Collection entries
-- Opening Marker --

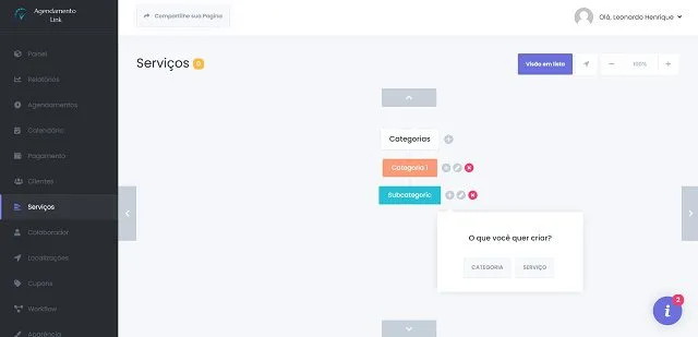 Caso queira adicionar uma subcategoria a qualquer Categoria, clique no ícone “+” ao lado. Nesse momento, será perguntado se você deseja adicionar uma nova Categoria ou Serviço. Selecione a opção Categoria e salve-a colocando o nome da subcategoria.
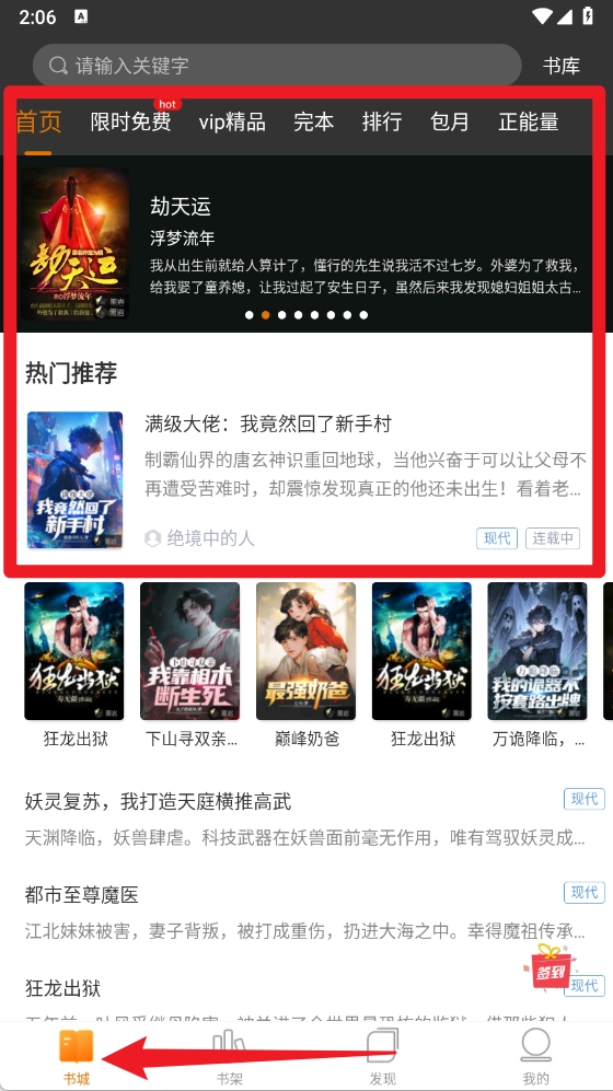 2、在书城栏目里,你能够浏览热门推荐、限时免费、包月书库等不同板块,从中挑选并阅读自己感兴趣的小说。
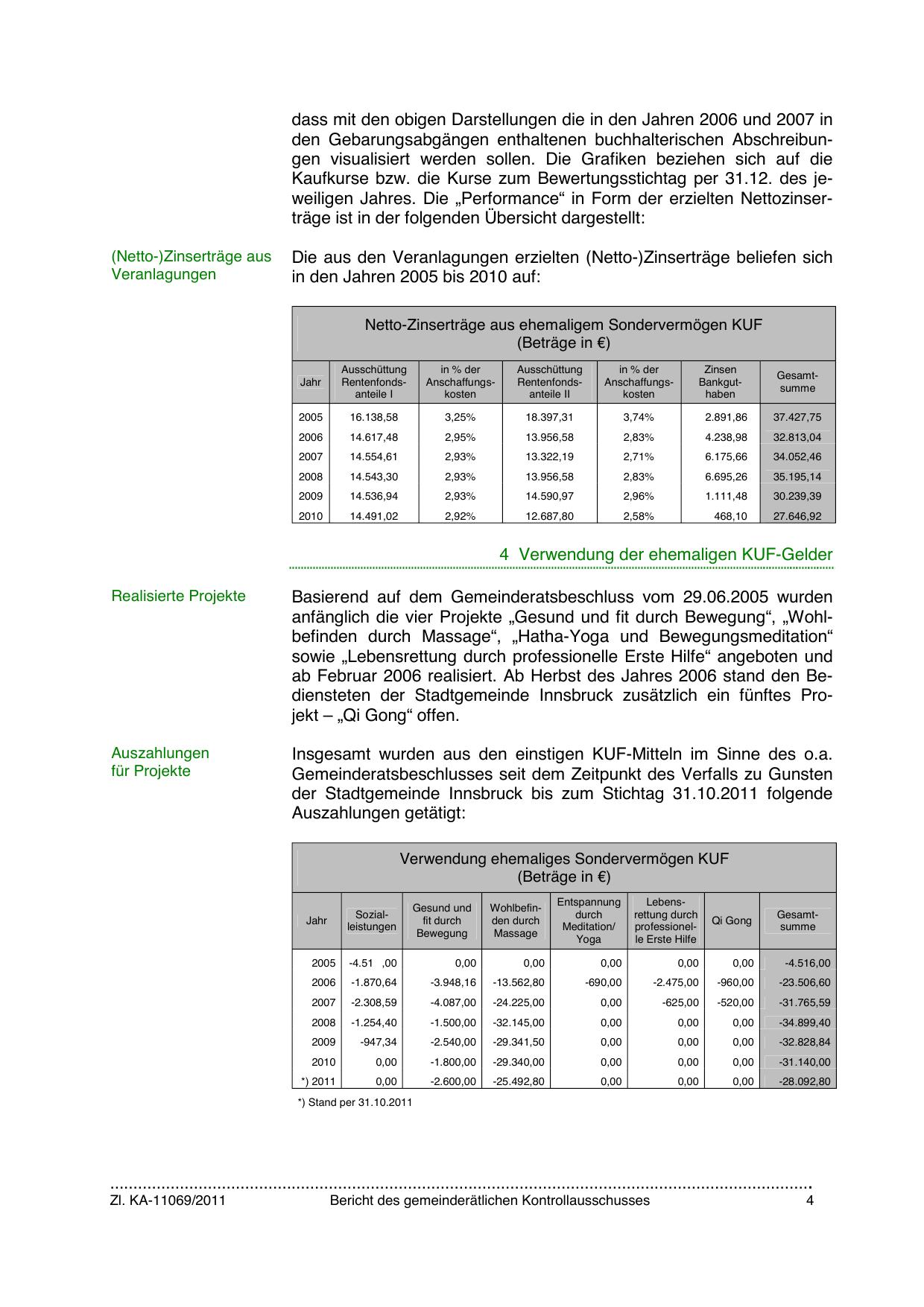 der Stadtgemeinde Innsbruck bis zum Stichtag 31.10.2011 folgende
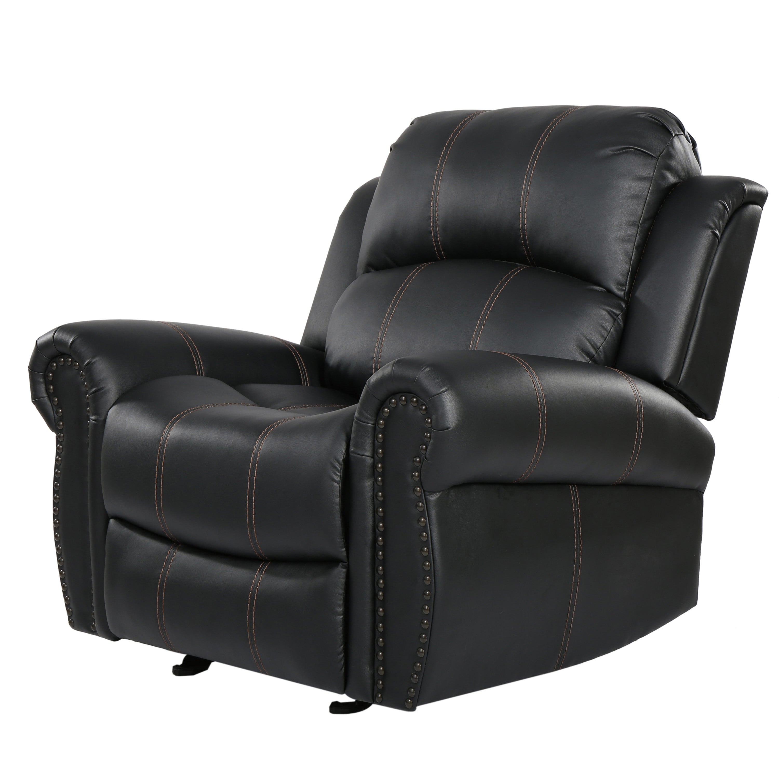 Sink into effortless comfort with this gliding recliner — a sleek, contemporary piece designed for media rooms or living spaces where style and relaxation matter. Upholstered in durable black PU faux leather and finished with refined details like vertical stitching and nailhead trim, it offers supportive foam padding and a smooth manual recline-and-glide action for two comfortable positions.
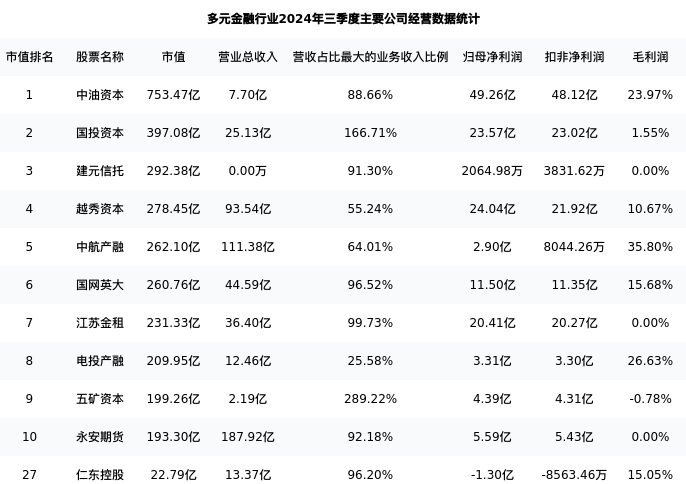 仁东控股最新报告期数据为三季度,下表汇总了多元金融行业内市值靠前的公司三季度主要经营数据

-- Closing Marker --

[THE PROBLEM]
Each line of the data above is to be output exactly; the pictures are not to appear.

[RESULT FOR THIS TASK]
 Caso queira adicionar uma subcategoria a qualquer Categoria, clique no ícone “+” ao lado. Nesse momento, será perguntado se você deseja adicionar uma nova Categoria ou Serviço. Selecione a opção Categoria e salve-a colocando o nome da subcategoria.
 2、在书城栏目里,你能够浏览热门推荐、限时免费、包月书库等不同板块,从中挑选并阅读自己感兴趣的小说。
 der Stadtgemeinde Innsbruck bis zum Stichtag 31.10.2011 folgende
 Sink into effortless comfort with this gliding recliner — a sleek, contemporary piece designed for media rooms or living spaces where style and relaxation matter. Upholstered in durable black PU faux leather and finished with refined details like vertical stitching and nailhead trim, it offers supportive foam padding and a smooth manual recline-and-glide action for two comfortable positions.
 仁东控股最新报告期数据为三季度,下表汇总了多元金融行业内市值靠前的公司三季度主要经营数据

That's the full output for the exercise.